Second, grocery shoppers simply don’t visit grocery retailer websites unless, maybe, they're looking at recipes. Sites like safeway.com or wholefoods.com are not part of the normal shopper's journey to buy groceries. I've even heard, in conversations with industry experts, that less than 3% of grocery shoppers visit retailer websites before their trip.
The best way to know if someone is a potential customer for your brand is to understand their intent to purchase. Search retargeting tries to capture this intent by marketing to consumers that are literally searching for specific keywords. It’s basically exactly how Google Adwords works, except instead of the ad showing up on a search results page, (in most cases) the ads follow you around just like with classic retargeting.
This is an amazing marketing tool for some verticals. For example, if I’m going to be buying a new car soon, I’m going to be doing a ton of product research--searching all over the place on cars.com, Autotrader or Kelley Blue Book.
Every time I perform a search like, "newest Mazda models," I’m essentially raising my hand to car marketers and telling them the following:
- I’m probably in-market for a car.
- I’m interested in buying a Mazda.
Car marketers pay a lot for this kind of search data and use companies like Magnetic and Captify (newly entered into the US market) to reach those consumers. Just like with classic retargeting, the advertising method of search retargeting presents fairly large problems for CPG brands looking to find intent.
Simple question: When is the last time you wrote down the following into a search engine "where to buy chicken near me?"
Grocery shoppers rarely explicitly search for the product they’re going to buy. The product research aspect of grocery shopping, and CPG products in general, is very different from how it works for other industries. Even a search on a recipe website for "chicken recipes" might tell you that the shopper is looking for chicken but what about the other ten items they need in order to get cooking?
With search retargeting, CPG brands are missing out on over 90% of the "hidden intent data" that I'll talk about below.
Search retargeting probably works best for emerging brands or categories that require some education prior to purchase. When consumers search, they're querying, and wondering things like what the heck is this brand? where can I buy this product near me? or how much should I be spending on this item? It's tricky business determining what qualifies someone as "raising their hand" and showing they’re in-market for a particular good.
Hidden Intent Targeting
Finding real intent for CPG products is elusive and really, really hard. How do we know when someone is truly in-market for batteries or chicken or olive oil or paper towels?

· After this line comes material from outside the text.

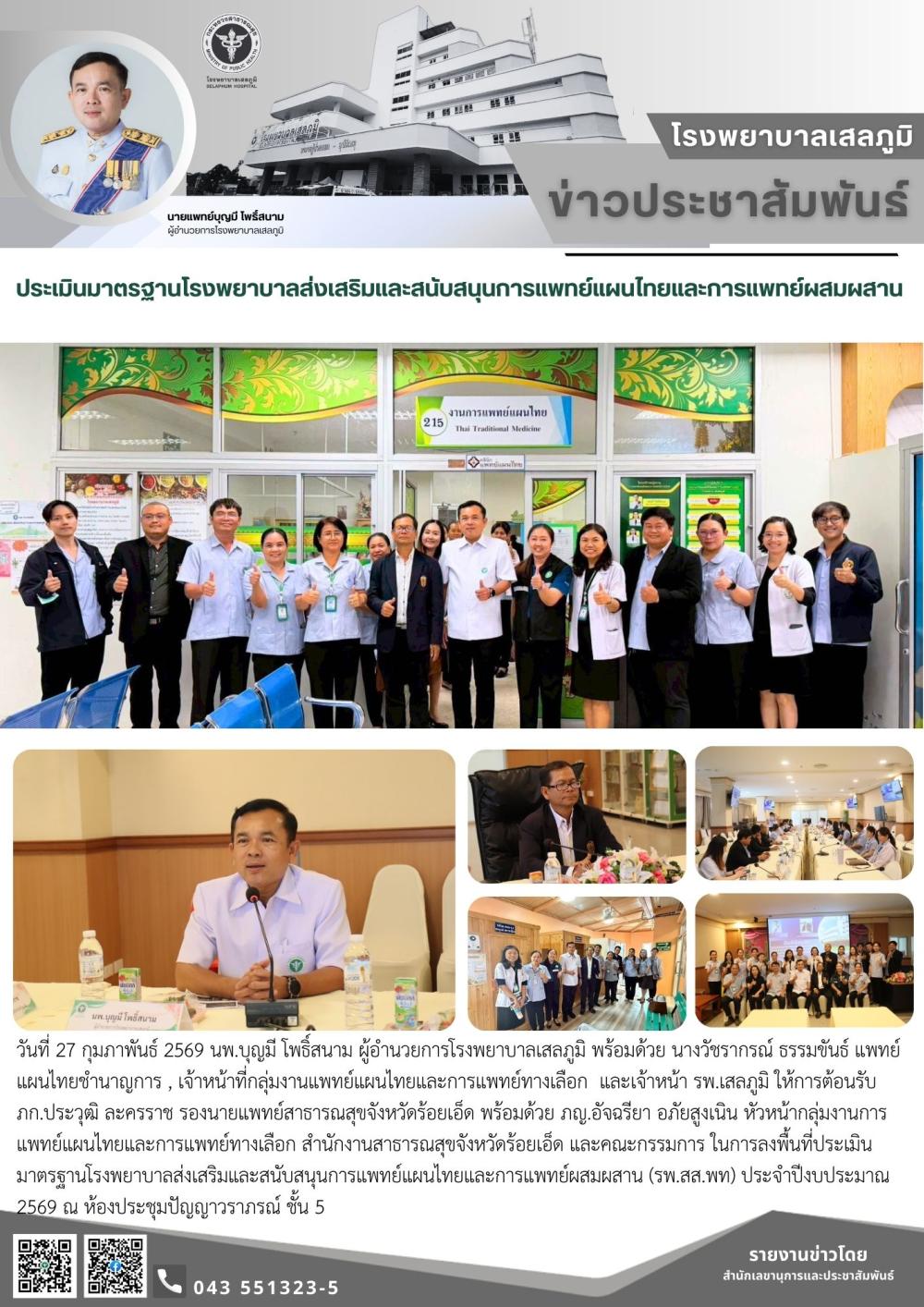 วันที่ 27 กุมภาพันธ์ 2569 นพ.บุญมี โพธิ์สนาม ผู้อำนวยการโรงพยาบาลเสลภูมิ พร้อมด้วย นางวัชรากรณ์ ธรรมขันธ์ แพทย์แผนไทยชำนาญการ , เจ้าหน้าที่กลุ่มงานแพทย์แผนไทยและการแพทย์ทางเลือก และเจ้าหน้า รพ.เสลภูมิ ให้การต้อนรับ ภก.ประวุฒิ ละครราช รองนายแพทย์สาธารณสุขจังหวัดร้อยเอ็ด พร้อมด้วย ภญ.อัจฉรียา อภัยสูงเนิน หัวหน้ากลุ่มงานการแพทย์แผนไทยและการแพทย์ทางเลือก สำนักงานสาธารณสุขจังหวัดร้อยเอ็ด และคณะกรรมการ ในการลงพื้นที่ประเมินมาตรฐานโรงพยาบาลส่งเสริมและสนับสนุนการแพทย์แผนไทยและการแพทย์ผสมผสาน (รพ.สส.พท) ประจำปีงบประมาณ 2569 ณ ห้องประชุมปัญญาวราภรณ์ ชั้น 5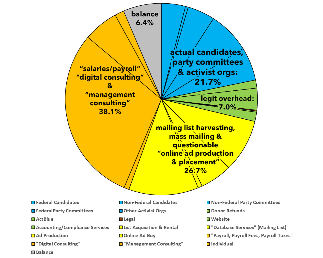 - A full 17% went towards "marketing" and "outreach"...that is, buying the email lists & phone numbers and then spamming the shit out of both of them with emails and text messages

Instead of relying on a visit to a product page or an explicit search you have to dig deeper: you have to understand not just the page that a consumer is on nor what they're searching, but what that page means to a consumer and how that consumer is interacting with the content.
From an analytics perspective, companies like Chartbeat have been pioneering this kind of thinking about content and intent for the last few years. They look at metrics like content interaction, time spent on page and time spent looking at specific content on the page to determine the value of a page beyond just its number of visitors.

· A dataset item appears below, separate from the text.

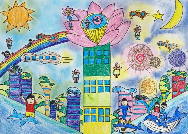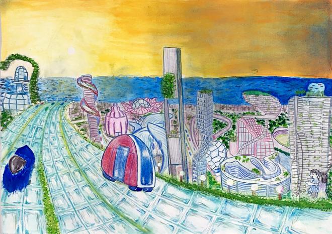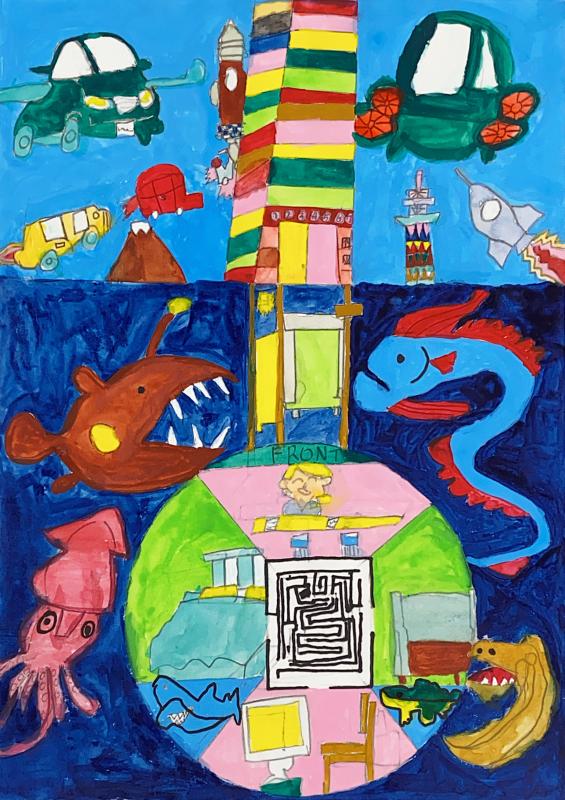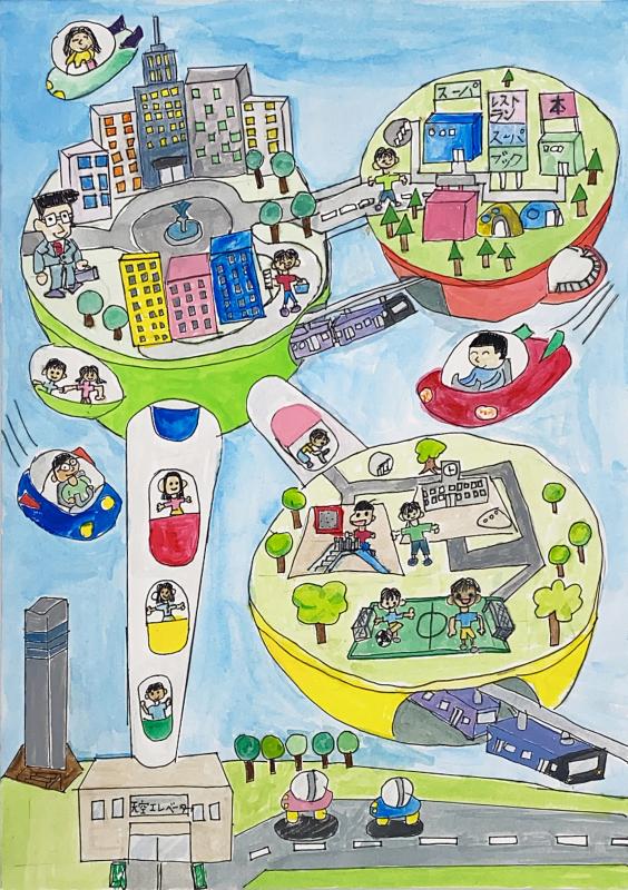 1000年先の未来の千葉市をイメージした作品で、スケールの大きさを感じます。地球に見立てた千葉市を大きく描き、細かな風景の描写も楽しい表現となっています。色使いや色彩も丁寧な画面構成で素晴らしい作品です。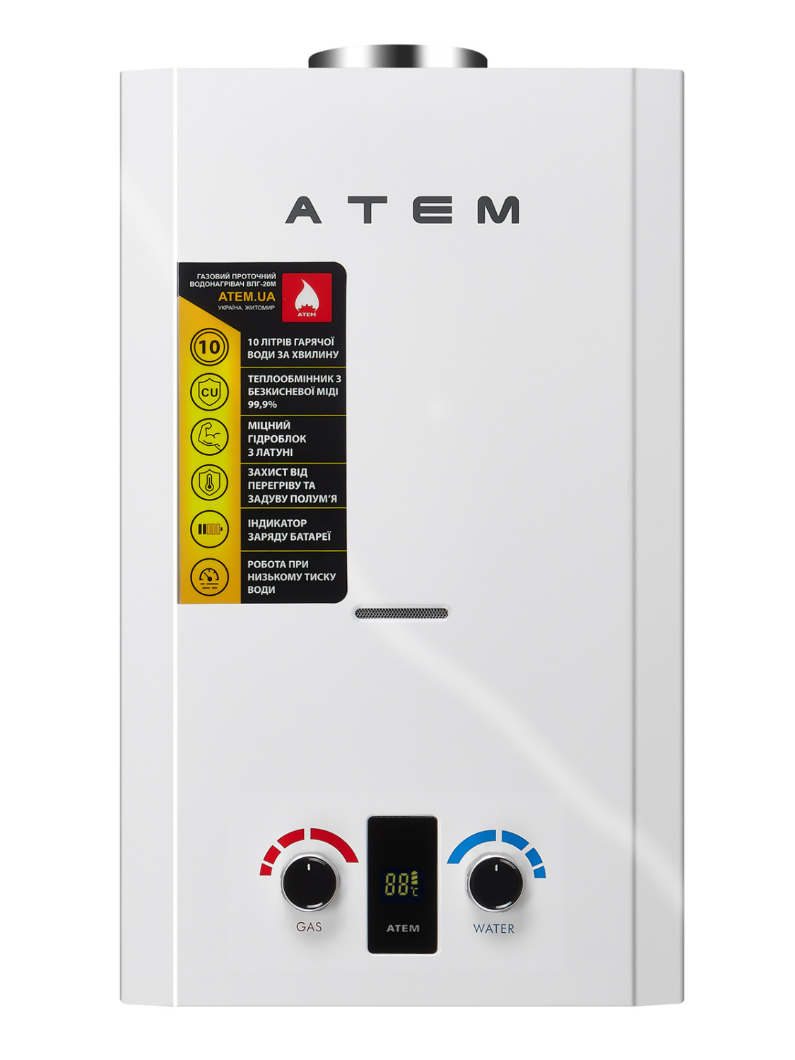 Газова колонка Atem ВПГ-20М стає еталоном домашнього комфорту, пропонуючи абсолютну автономність від примх електромережі без жодних компромісів у зручності. Цей димохідний водонагрівач розроблений для тих, хто прагне отримати безперебійний доступ до гарячої води, зберігаючи при цьому естетику простору завдяки лаконічному дизайну. Ключова перевага пристрою полягає у його здатності працювати від звичайних батарейок, що забезпечує миттєвий автоматичний запуск: ви просто відкриваєте кран, а розумна автоматика бере на себе всю роботу. Інформативний LED-дисплей на передній панелі повертає повний контроль над процесом, дозволяючи візуально відстежувати комфортну температуру без необхідності налаштовувати воду «на дотик».

Technical nuances aside, it essentially boils down to one key concept: wtf does your audience care about?
Chicory unlocks hidden data around recipes to determine what consumers are in-market for right now. For example, instead of Barilla messaging anyone who interacts with a pasta recipe (or searches pasta or visits a pasta page on safeway.com) we can actually message them based on what type of paste the want to buy.
Penne, manicotti, linguine, lasagna… a unique message for each unique consumer based on ingredient-level intent.

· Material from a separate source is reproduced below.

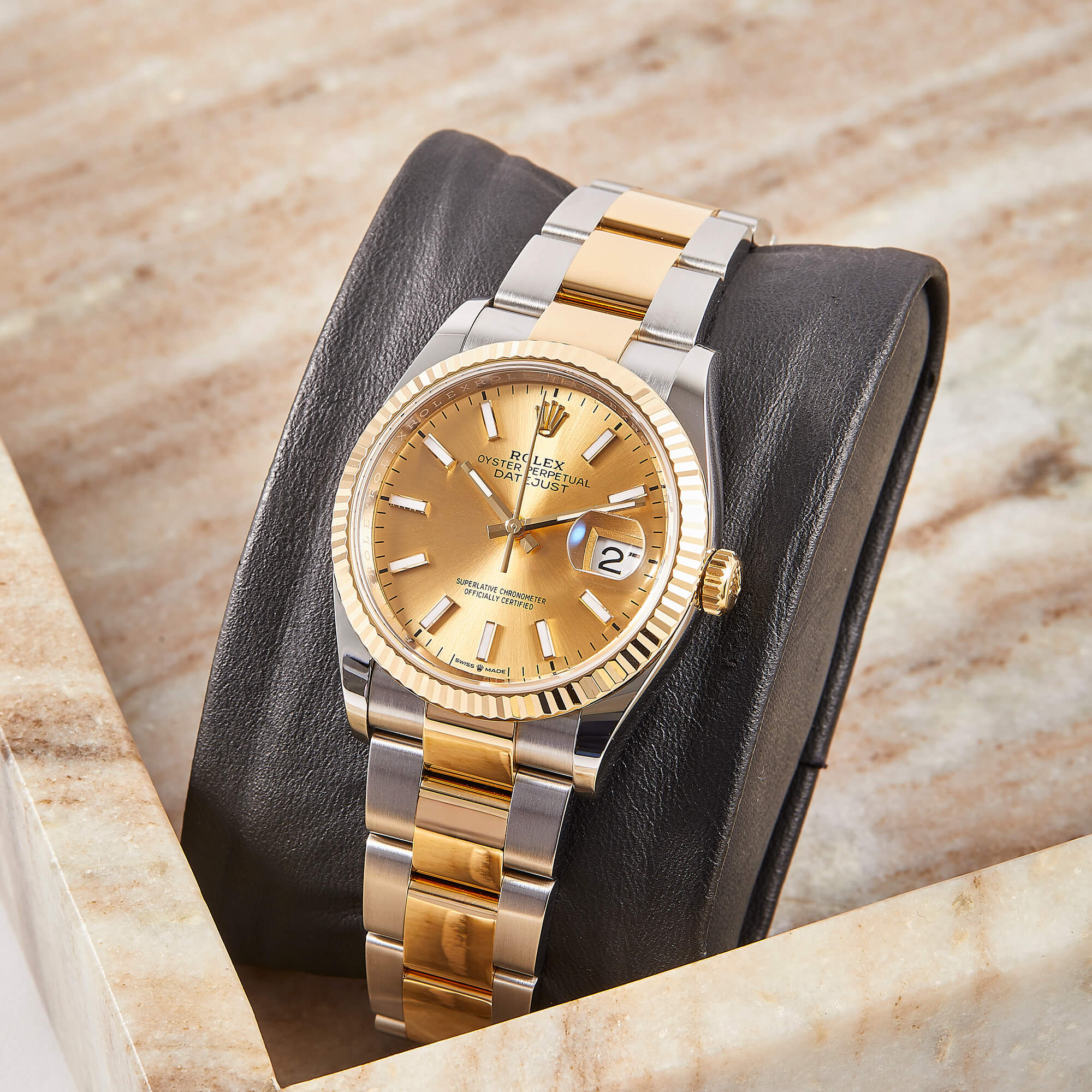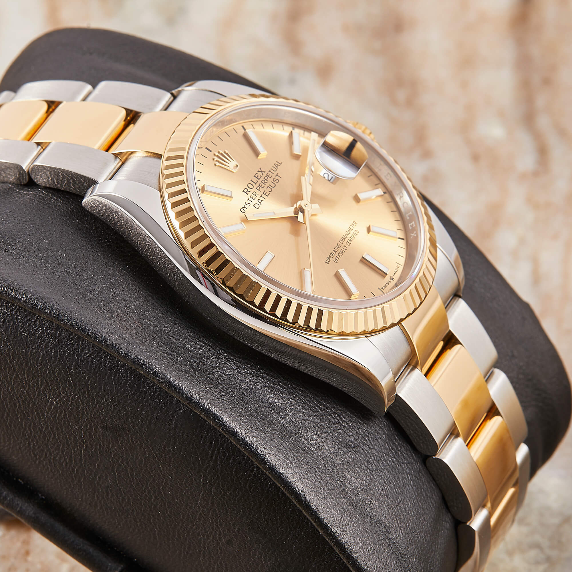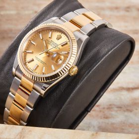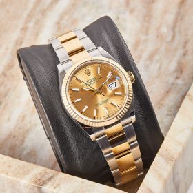 Die Rolex Datejust 36 Ref. 126233 mit champagnerfarbenen Zifferblatt und Strichindizes vereint klassische Eleganz mit der unverwechselbaren Qualität von Rolex. Das Oysterband aus Edelstahl mit 18 Karat Gelbgold verleiht der Uhr eine perfekte Balance zwischen Robustheit und Luxus. Im Fullset geliefert, umfasst die Uhr sämtliche Originaldokumente und -verpackung. Mit einem frischen Service nach Herstellervorgabe wurde die Funktionalität der Uhr überprüft und optimiert, sodass sie in perfektem Zustand ist.- Durchmesser

We identify these users not based on searches or page views, but based on interaction with the page--intent signals like the time a consumer spends looking at the ingredient list--that we know from user tests indicate a strong likelihood to go shopping. After all, unlike grocery retailer sites that get less than 3% of shoppers, over 70% of women use recipes to add items to their shopping lists.
In the food and CPG space, recipes equal purchase intent and with Chicory’s unique way of unlocking that hidden intent, CPG marketers can finally find truly in-market consumers.